→ **WORK TO COMPLETE**
Reproduce only the lines of the material below that start at the line containing "This bingo card" and stop at the line containing "Gold And Pink". Keep both end lines.

------ DATA TO EXAMINE

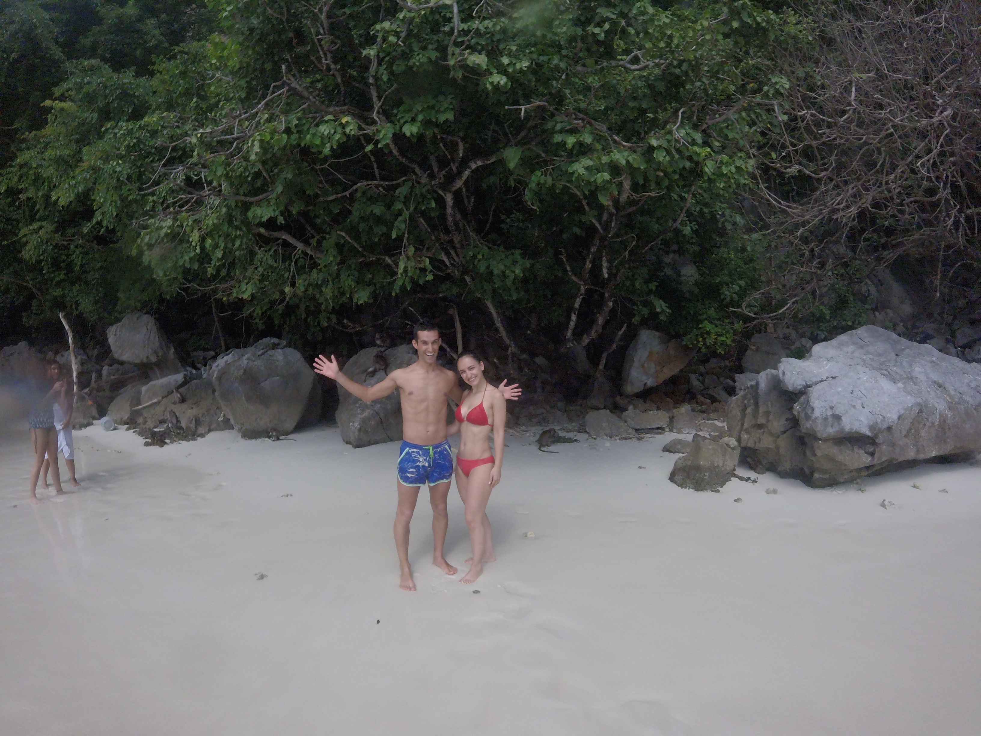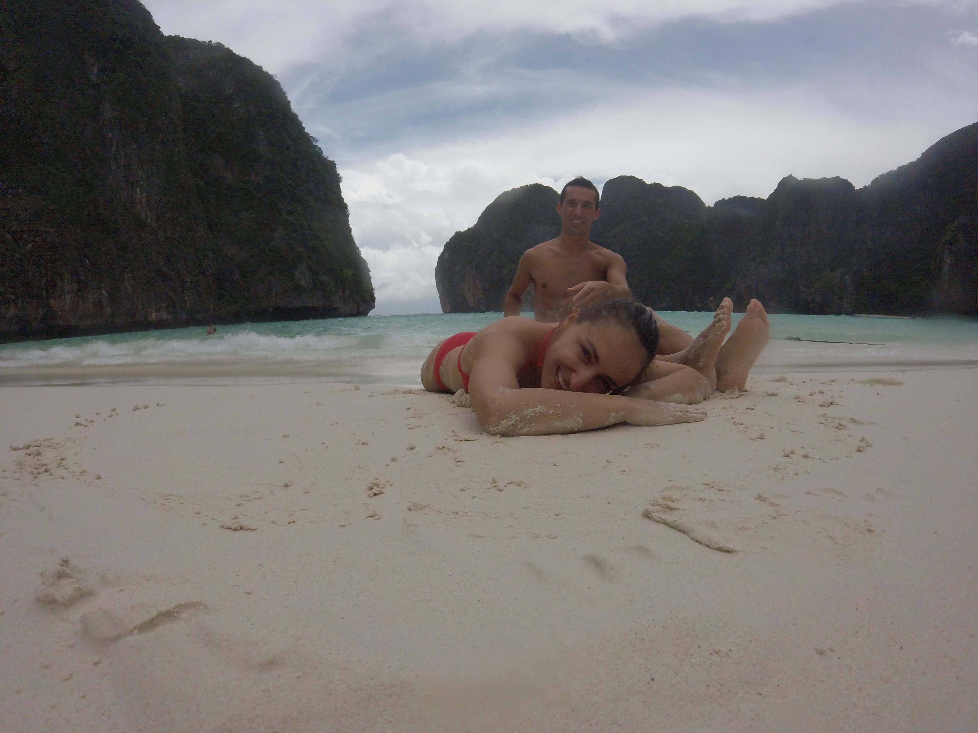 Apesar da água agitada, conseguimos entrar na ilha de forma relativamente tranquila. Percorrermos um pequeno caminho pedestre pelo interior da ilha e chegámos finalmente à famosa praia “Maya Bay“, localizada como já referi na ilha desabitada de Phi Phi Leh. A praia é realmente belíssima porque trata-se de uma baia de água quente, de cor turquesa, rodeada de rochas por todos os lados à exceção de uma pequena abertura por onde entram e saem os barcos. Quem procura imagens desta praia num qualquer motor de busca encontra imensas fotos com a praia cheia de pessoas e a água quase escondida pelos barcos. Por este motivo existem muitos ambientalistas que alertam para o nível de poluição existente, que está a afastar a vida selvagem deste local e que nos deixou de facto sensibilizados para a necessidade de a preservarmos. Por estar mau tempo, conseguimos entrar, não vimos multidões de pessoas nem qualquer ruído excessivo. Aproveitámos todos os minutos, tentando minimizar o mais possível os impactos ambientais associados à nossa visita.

------------
------ DATA TO EXAMINE

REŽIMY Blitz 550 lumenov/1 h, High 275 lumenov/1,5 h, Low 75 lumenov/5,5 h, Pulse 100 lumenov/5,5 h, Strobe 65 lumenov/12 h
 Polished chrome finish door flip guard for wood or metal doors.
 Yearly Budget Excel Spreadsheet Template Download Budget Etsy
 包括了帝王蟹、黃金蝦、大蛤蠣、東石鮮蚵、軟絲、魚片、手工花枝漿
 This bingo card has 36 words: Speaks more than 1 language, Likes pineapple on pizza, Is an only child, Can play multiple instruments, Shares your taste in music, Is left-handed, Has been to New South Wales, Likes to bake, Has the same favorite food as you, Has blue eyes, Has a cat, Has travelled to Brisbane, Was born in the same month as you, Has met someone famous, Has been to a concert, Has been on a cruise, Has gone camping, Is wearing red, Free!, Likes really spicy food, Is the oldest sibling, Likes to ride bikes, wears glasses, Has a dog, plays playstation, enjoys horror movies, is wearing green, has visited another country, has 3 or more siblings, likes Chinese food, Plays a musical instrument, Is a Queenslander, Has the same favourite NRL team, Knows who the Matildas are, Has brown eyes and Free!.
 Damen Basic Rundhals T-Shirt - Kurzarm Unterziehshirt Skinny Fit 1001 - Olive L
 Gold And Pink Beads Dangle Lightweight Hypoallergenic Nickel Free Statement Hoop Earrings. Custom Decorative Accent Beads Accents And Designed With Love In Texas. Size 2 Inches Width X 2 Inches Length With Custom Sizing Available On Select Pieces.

------------

→ **EXERCISE RESPONSE**
 This bingo card has 36 words: Speaks more than 1 language, Likes pineapple on pizza, Is an only child, Can play multiple instruments, Shares your taste in music, Is left-handed, Has been to New South Wales, Likes to bake, Has the same favorite food as you, Has blue eyes, Has a cat, Has travelled to Brisbane, Was born in the same month as you, Has met someone famous, Has been to a concert, Has been on a cruise, Has gone camping, Is wearing red, Free!, Likes really spicy food, Is the oldest sibling, Likes to ride bikes, wears glasses, Has a dog, plays playstation, enjoys horror movies, is wearing green, has visited another country, has 3 or more siblings, likes Chinese food, Plays a musical instrument, Is a Queenslander, Has the same favourite NRL team, Knows who the Matildas are, Has brown eyes and Free!.
 Damen Basic Rundhals T-Shirt - Kurzarm Unterziehshirt Skinny Fit 1001 - Olive L
 Gold And Pink Beads Dangle Lightweight Hypoallergenic Nickel Free Statement Hoop Earrings. Custom Decorative Accent Beads Accents And Designed With Love In Texas. Size 2 Inches Width X 2 Inches Length With Custom Sizing Available On Select Pieces.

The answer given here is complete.